7/26 退職したら地域ニートになるのかな
昨日、地域福祉計画を県下に広めたいので何かできることない?と県の要請を受けた人から、アイディア出してくれ、と誘われて話し合いに行く。いろんな話をしたが、とりとめもない話で団塊の退職者をどうするか、という話が出てくる。
これから5年ぐらいの間に埼玉県で40万人もの団塊の世代の退職者が出てくるらしい。人口が700万、労働力人口が400万から500万というところだから、恐ろしい割合の無業者が地域に溢れかえることになる。
で、その団塊の退職者が地域のために動いてもらえる人材になりうるかどうか、という心配をした。その上の世代のように、地域の人と将棋を指したりできるのかなぁ。人それぞれだけども、若い頃から装置産業的レジャーやマスメディアにどっぷり浸かった初の世代だから、そういうの苦手なのではないか、学生運動をやったり生活クラブをつくったり会社の改革に熱心な世代だったけど、実際にはゴルフ、野球、ドライブ、バーベキューといった企業社会にどっぷり浸かったライフスタイル・趣味しか興味を持たない人が多くて、地域で誰かと対等につきあえ、なんて課題を下しても簡単に受け入れないよね、なんて話になる。マイホームパパは地域と切れているでしょう。
県内では知事に親しい政治家やグループが、団塊の世代の退職者を当て込んで、退職高齢者をNPOに活用、なんて政策を簡単に言っているが、簡単にはそうはならないと思う。もちろん、連合埼玉・労福協のように退職者を地域活動者としてトレーニングしている活動もあるが、40万人のグロスからはほんとうにごく一部の機会に恵まれた方か、意志のある方々だろう。
企業というある種のヒエラルキーのある共同体にどっぷり浸かってきた団塊の世代のお父さんたちが、ヒエラルキーはない、包み込んでくれるようなもののない地域社会に戻れ、と号令かけられても、何やっていいんだかわからず、そのまま会社のOBとゴルフ行ったり、妻とさまようようにドライブに行くことしかやらないのではないかと思っている。
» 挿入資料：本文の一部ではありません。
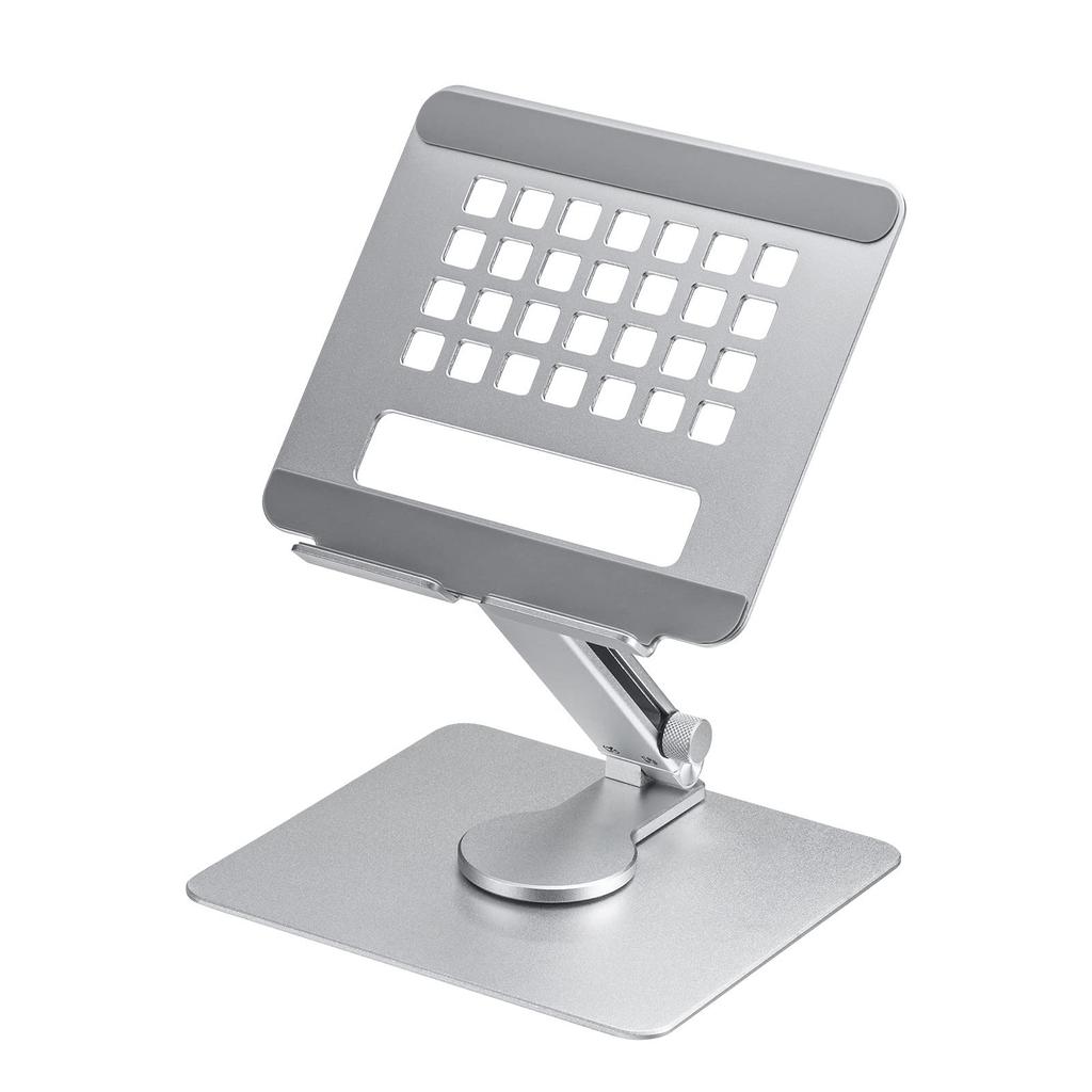 Dieser Tablet-Desktop-Ständer aus Aluminium verfügt über eine einstellbare Höhe mit einem ausziehbaren Arm.

退職してさっぱり離れていく人もいるが、多くの人は、むしろ今までの会社で培ったノウハウを使えないか(今までの仕事のやり方を退職後も通用させられる職場はないか)、と模索しているのが現実だ。
会社のように鉄のピラミッドの地域福祉推進の組織を作って、70代や60代後半のモーレツサラリーマン世代のおじいちゃんに管理職を勤めてもらい、戦争を知らない団塊の退職者たちに「ばかやろう」「だから今時の若いのは根性がないんだ」「仕事中に携帯電話するんじゃねぇ」なんて机叩かせて怒鳴らせたら、団塊の世代はがんばっちゃうかも知れないねぇ、なんて冗談話も出る。もちろんそんなのではちっともいい地域社会にはならないけど。
退職者を地域活動に活かしていきたいなら、退職してからでは遅いと思う。ごく稀に、自分や妻や自分の子どもが障害や病気になったり、失業したり困った問題があって、仕事ばっかりじゃ家族守れないんだ、と自覚する機会に恵まれた人だけが地域に足場をつくっていったりするが。
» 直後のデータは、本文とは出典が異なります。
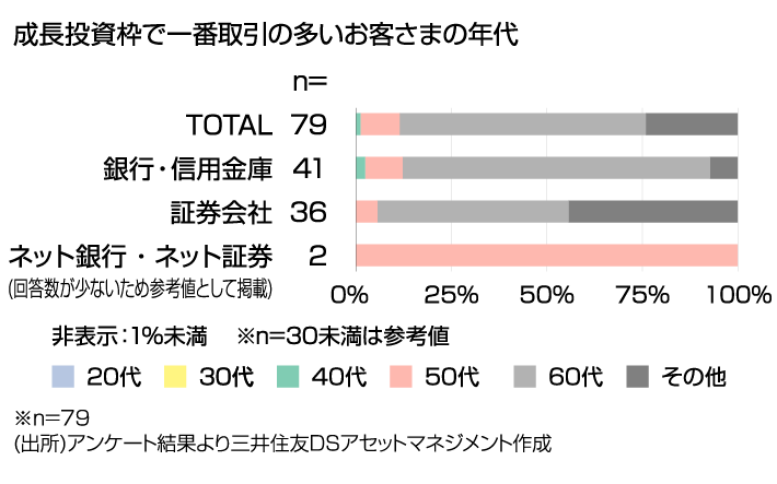 業態別で比較すると、証券会社で「税制面のメリット」、銀行・信用金庫で「老後資金形成」が相対的に多くなっています。証券会社では余剰資金の運用、銀行・信用金庫では生活資金の預け入れと、お客さまの金融機関に求める役割の違いにより、業態別で差が出ていると考えられます。

私は、もっと若い人たちにもアプローチしないとダメじゃないかと思う。まだ偉くないうちに、地域社会や、PTA的な場で、いろいろやって、楽しい経験や成功体験を積まないと、退職で辛くも全人格を包み込んでくれる企業社会という共同体から与えられる毎日の刺激が無くなったときに、地域でそれと同じぐらいの居場所を作れと言われても難しいだろう。
退職者を地域でどうするか、ということはニート問題と良く似ているのである。子どものときから人間関係や手伝いで成功体験を積まない子がニートになりやすい、という玄田氏の説を取れば、地域社会で人間関係や手伝いの経験を積まない月給取りは、退職してから地域ニートになる、と言うことができるかも知れない。
家族という共同体から社会に飛び立てない若者、会社という共同体から家族や地域という共同体に飛び立てない退職者というのが今の社会の問題なのか。
ただ、団塊の世代を迎え入れた地域社会というのが、ほんとうにどうだったのかは検証しなくてはならない。私の子どもの頃の感じでは、当時の地域社会は勤め人の家庭にとても排他的な世界に感じた。たまの休みの地域の人たちとのつきあいが新参者扱いで苦行なら、いくら「地域が大事」といってもお題目にしかならないし、電車で15分で行ける池袋のデパートや飲食店の方が自分の世界だろう。誰でもが地域で何かが始められる、それにフレンドリーでおもしろがる仲間がいる、そんな開かれた地域社会をつくらなくてはならない。